Hi all,
I haven't noticed any algae growth.
Possibly not iron then, because algae take in nutrients directly through their cell walls, and they should show a quicker response to available iron.
This maybe a silly question but can you have to high a nitrate level? As mine are about 80ppm. Could that inhibit the uptake of other nutrients?
It could, but that is unlikely to be an issue with the Frogbit. Uptake issues would only affect another monovalent anion (like Cl-), and very few of those are essential plant nutrients.
Both the lack of growth and high NO3 level may relate to <"
Liebig's law of the minimum">. Plant growth is nutrient dependent in the same way that cars are built on an assembly line, at the speed of the limiting nutrient (or the limiting operation in car assembly). If one nutrient, or car component, is missing then the whole process grinds to a halt.

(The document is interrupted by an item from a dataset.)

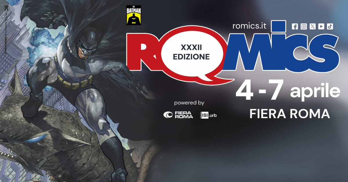 Romics, dal 4 al 7 aprile in Fiera Roma, un grande evento lungo quattro giornate pronto ad accogliere il pubblico nei 5 padiglioni con oltre 70.000 mq espositivi della Fiera. Romics è una manifestazione fieristica internazionale, certificata da ISFCERT – Istituto Certificazione Dati Statistici Fieristici, ente ufficiale riconosciuto da Accredia, con oltre 350 espositori nazionali ed internazionali, dove l’immaginario di giovani e meno giovani si sprigiona in un mix di generi e interessi attraverso molteplici percorsi di partecipazione e occasioni di confronto. Entertainment e approfondimento specialistico sono la cifra di una kermesse rivolta ad un pubblico di appassionati, professionisti e operatori del settore. A firmare il manifesto ufficiale della XXXII edizione di Romics, Simone Bianchi, Romics d’Oro dell’edizione, con un magnifico tributo a Batman in occasione dell’85° anniversario, dove il cavaliere oscuro domina il cielo con una presenza maestosa, evocando un’atmosfera di mistero e forza che ha catturato l’ammirazione di generazioni di appassionati.

Please correct me if I am wrong, from my understanding as my frogbit has very little root growth that would I indictate sufficient nutrient levels.
Plants are quite plastic in how they allocate resources, so often high nutrient conditions they allocate less biomass to roots, because a small root area is garnering all the nutrients they need,
but, you could also get restricted root growth where the plants are struggling to grow new tissue.
Maybe it would be worth doing a full water test to measure what amount of nutrients are in there.
It would be very useful, but it is quite problematic.
A proper water testing lab. could do it, but you are talking about a lot of money, because it is going to take several hours of a scientists time and several hundred thousand £ of analytical kit. Marine aquarists are having their water tested <"
via ICP">.
Do you have a TDS (conductivity) meter?